Character Constraints¶
The HTTP protocol parser (see Parser) does not completely constrain
some portions of the HTTP request (method
, header-field
, URI
, etc)
to the character sets defined by the relevant RFC’s 3.
The request is parsed to ensure that it satisfies the basic form of an HTTP request — i.e. that the essential structure (version specification, whitespace rules, etc) is correct and is very diligent about bounds checking.
However, the characters allowed by yimmo in some of these fields is a superset of what is allowed by the standard 4 — e.g. check out this unicode mischief:
* Trying 127.0.0.1...
* TCP_NODELAY set
* Connected to 127.0.0.1 (127.0.0.1) port 8081 (#0)

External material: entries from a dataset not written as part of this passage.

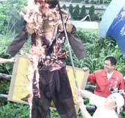 臺灣愛國同心會等團(tuán)體成員上午在“立法院”門外,以鞭打畫著李登輝臉譜人偶等方式,表達(dá)對李登輝的不滿。他們要求李登輝必須為自己的“賣國”言行道歉,否則他們將效法當(dāng)初向李登輝潑紅墨水的史力行,“李登輝走到哪里,就跟到哪里”。
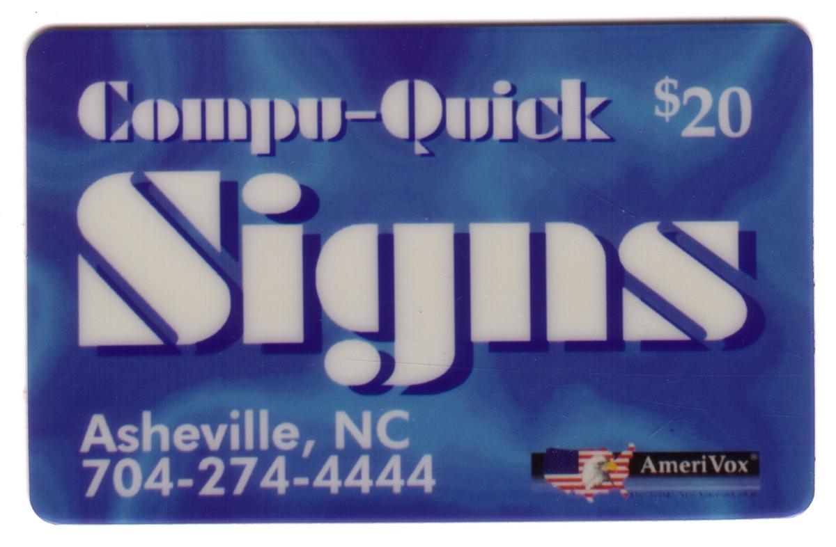 Additional text on the card includes “Compu-Quick Signs - Asheville, North Carolina PROOF - AmeriVox,” which indicates the card itself is associated with AmeriVox and serves as a proof related to Compu Quick Signs. The card is blank on the reverse side and marked with a value of $20, as printed on the front. The card’s visual presentation connects it to printing and signage services offered in Asheville.
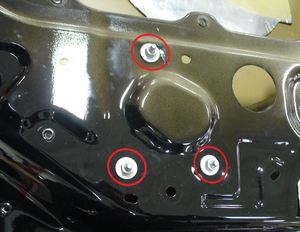 NoteThe nut does not need to be fully removed. If required, power the vehicle back on and use the window switch tool to move the regulator for access to the nut.
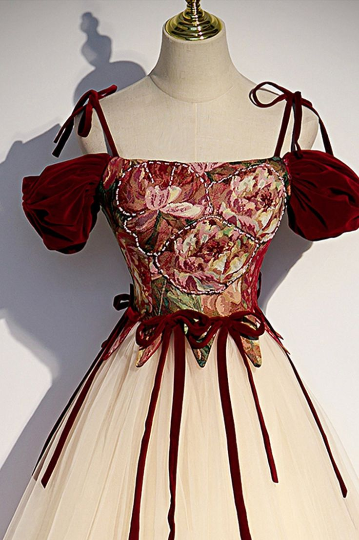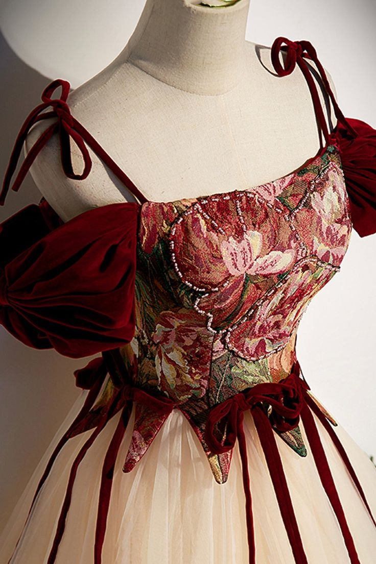 Champagne Tulle Spaghetti Strap Long Prom Dress A Line Party Ball Gown Y7952
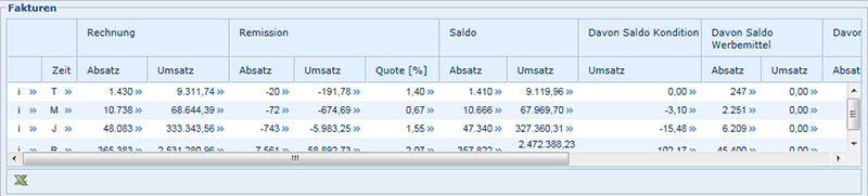 M: Darstellung der Absätze und Umsätze der letzten ca. 36 Monate auf Monatsbasis.
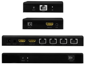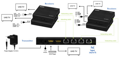 • contenu de la livraison : 1 x émetteur HDMI, 2 x récepteur HDMI, 1 x câble IR TX, 4 x câbles IR RX, 1 x alimentation 12V/ 2A, 10 x support de montage et manuel d’utilisation Exemples d’utilisation :
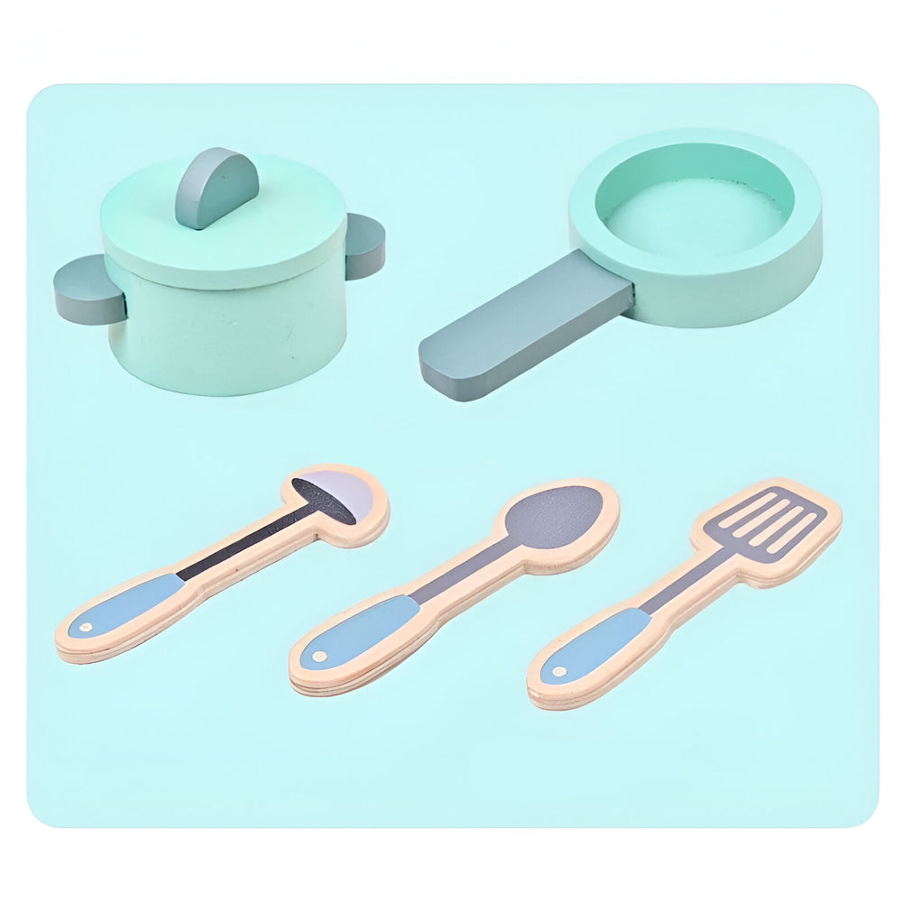 Crafted from high-quality MDF and safe plastic, this kitchen set is built to last with a sturdy structure and finely polished finish. Its rounded corners ensure safety, while the realistic design with rich accessories creates a life-like cooking experience. The light blue color adds a modern, stylish touch, making it a charming addition to any playroom.

> GET /index.html HTTP/1.1
> Host: 127.0.0.1:8081
> User-Agent: curl/7.64.1
> Accept: */*
> thumbs-👍-up: 123
>
< HTTP/1.1 200 OK
< content-type: text/html
< Content-Length: 2
<
* Connection #0 to host 127.0.0.1 left intact
OK* Closing connection 0
Summary
If your application is using header field names or URI’s verbatim and
the presence of non-ISO-8859-1
characters are problematic, you will need
(at least, for the time being) to validate them application-side.
Headers¶
The current HTTP header hash table implementation relies on a hash function
which has no collisions over a set of 266 standard, common, and
not-super-uncommon-I-guess HTTP headers (src/protocol/test/test_hdr_table.c
for the list used in testing). This allows libyimmo_http to use the header
hash (prior to modulo) as a key and skip the usual strcmp
. 5
Note
More TODO list items!
Short term: the ability to provide custom hash and compare algorithms is WIP (partially implemented, but disabled by default).
Medium term: using a key string comparison as a backstop (i.e. the traditional approach!) is on the TODO list (with the option to disable, if performance dictates and use-case allows).
In most cases, this is probably not a *huge* deal:
If you run the service behind a load balancer, there’s likely already some sanitization/filtering happening before the requests hit yimmo.
If you are using only standard (or relatively common) HTTP headers, the worst a malformed request can do is deprive itself of some useful information.
In some specific cases, this strategy could be problematic:
If you have custom headers which collide with the standard(+) headers listed above, a collision will result in the two values getting concatenated as if they were part of the same header.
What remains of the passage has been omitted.